I concluded Part II of this series with a question: Whether Miranda is strong enough to support its present incarnation in the wilds of foreign lands when applied to the very different world of irregular fighters, Islamic guerillas, and enemy combatants engaged in jihad against the United States.
To answer this question we have to examine the seeds Miranda has sown.
Is Miranda still good law?
Beginning immediately after the decision was rendered in 1966, it was subject to withering attacks. Among them, as Justice Harlan had said in dissent, was that Miranda was simply “poor constitutional law.” For example, it was argued that the decision was not really constitutional law at all, but merely a rule of evidence which could be overridden by an act of Congress—especially 18 United States Code Section 3501, enacted by Congress in the wake of Miranda, which reestablished “voluntariness” as the touchstone of a custodial statement’s admissibility.
This argument was tested in the late 1990s, when the United States Court of Appeals for the Fourth Circuit ruled in United States v. Dickerson that the test of an interrogation-produced statement was “voluntariness,” of which Miranda warnings were but one element.
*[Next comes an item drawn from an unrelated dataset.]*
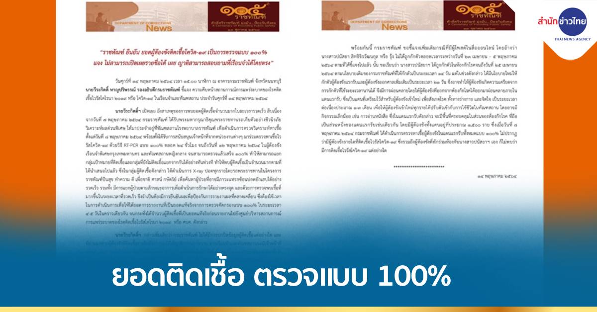 กรมราชทัณฑ์ จ.นนทบุรี 14 พ.ค.-ราชทัณฑ์ยืนยันยอดผู้ต้องขังติดเชื้อโควิด-19 เป็นการตรวจแบบ 100% แจงไม่สามารถเปิดเผยรายชื่อได้ เผยญาติสามารถสอบถามที่เรือนจำได้โดยตรง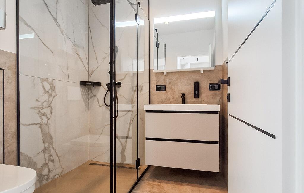 Entspannen Sie im großzügigen Wohnbereich mit bodentiefen Fenstern, abgestimmten Designelementen und direktem Blick Richtung Meer. Machen Sie es sich auf dem komfortablen Sofa gemütlich oder verbringen Sie gemeinsame Abende am großen Esstisch mit stilvollen Stühlen. Bereiten Sie in der offenen, hochwertig ausgestatteten Küche Ihre Mahlzeiten zu und ziehen Sie sich anschließend in die geschmackvoll eingerichteten Schlafzimmer zurück, die mit direktem Zugang zur Terrasse überzeugen.

The Supreme Court took the case, and ruled in Dickerson v. United States, 530 U.S. 428 (2000), that Section 3501 could not trump the Miranda ruling, and that the absence of warnings excludes an interrogation-produced statement.
Miranda is very much the law of the land.
Are Miranda warnings being given outside the United States?
Stephen F. Hayes reported in the June 22, 2009 edition of The Weekly Standard that:
. . . according to Representative Mike Rogers, a Republican from Michigan and a senior member of the House Intelligence Committee . . . the FBI has been reading Miranda rights to high-value detainees at U.S. detention facilities in Afghanistan. Rogers, a former FBI special agent and U.S. Army officer, interviewed interrogators at those detention facilities on a factfinding trip he took to Afghanistan in late May.
Officials from intelligence and law enforcement agencies explained to Rogers that they had been told to read high-value detainees their Miranda rights.
On June 9, 2009 the Department of Justice (DOJ) confirmed the practice.
Some “detainees” (think Taliban, alQaeda, guerillas, irregulars, enemy combatants; think rapists murderers, killers, terrorists) are being Mirandized.
Why are Miranda warnings being given outside the United States?
According to Mr. Hayes, in mid-June an Obama-administration DOJ spokesman made several statements about the practice. First, several Mirandizings occurred in Afghanistan “before January 20, 2009” (think “Bush did it!”). The spokesman continued: “The determination whether to Mirandize a terrorism detainee is made strictly on a case-by-case basis by career [FBI?] agents and prosecutors, in consultation with other relevant agencies. If, based on that consultation, it appears that national security may best be served by prosecuting that detainee, or at least preserving the prosecution option, the detainee may be Mirandized to ensure that his/her statements are admissible at trial and that the detainee can be brought to justice.”
It boggles the mind how “national security may best be served” by inserting war fighters, admitted by DOJ to be “terrorists,” into our domestic criminal justice system, rather than incarcerating them as enemy combatants until the end of hostilities—a practice approved even by the current Supreme Court.
But inserting terrorists into our federal criminal courts—along with mafia soldiers, corporate executives, wire fraudsters, and the likes of Martha Stewart—is entirely consistent with Obama’s and his cohort’s weak-kneed, conciliatory approach to terrorism, viewing it as merely a criminal pastime.
Miranda warnings are being given to terrorists because Obama and most Democrats (and some Republicans) see them not as terrorists, but rather as run-of-the-mill criminals—and after all, the Supreme Court requires those folks to be Mirandized.
Will this Miranda-on-steroids cease?
In a word, “no.”
You’ll recall that in the cases I’ve examined in this essay, objections to the non-Mirandized statements were made by the defendants and opposed by the government. There were two sides.
Now, however, there is only one: the terrorists who want to be Mirandized and the government who wants them Mirandized. There is no one to complain.
And even if someone did complain in a legal forum, as to the Supreme Court putting an end to this self-destruction remember the 2000 Dickerson decision not only reaffirming Miranda but constitutionalizing the rule it promulgated. Remember also that Justice Kennedy, who has not been stalwart enough in national security cases, is still on that bench. And remember we’re watching the ascension to the Supreme Court of either Sonia Sotomayor or a reasonable facsimile.
How about the voters making a stand? Apart from there being no congressional elections for another eighteen months and no presidential election until November 2012, there’s what Michael Barone recently referred to as “the sloppy over-generosity of the American people. Except when aroused and alert, we have a tendency to be fat, dumb and happy, and want to spread that happiness around. So, hey, let’s give these detainees more rights than they’re entitled to under the Geneva Conventions. It’ll make us feel generous, and maybe it will make them like us.” (Jewish World Review, June 16, 2009.)
When we do—and we’re well on our way to doing just that—having sowed the wind, we shall surely reap the whirlwind.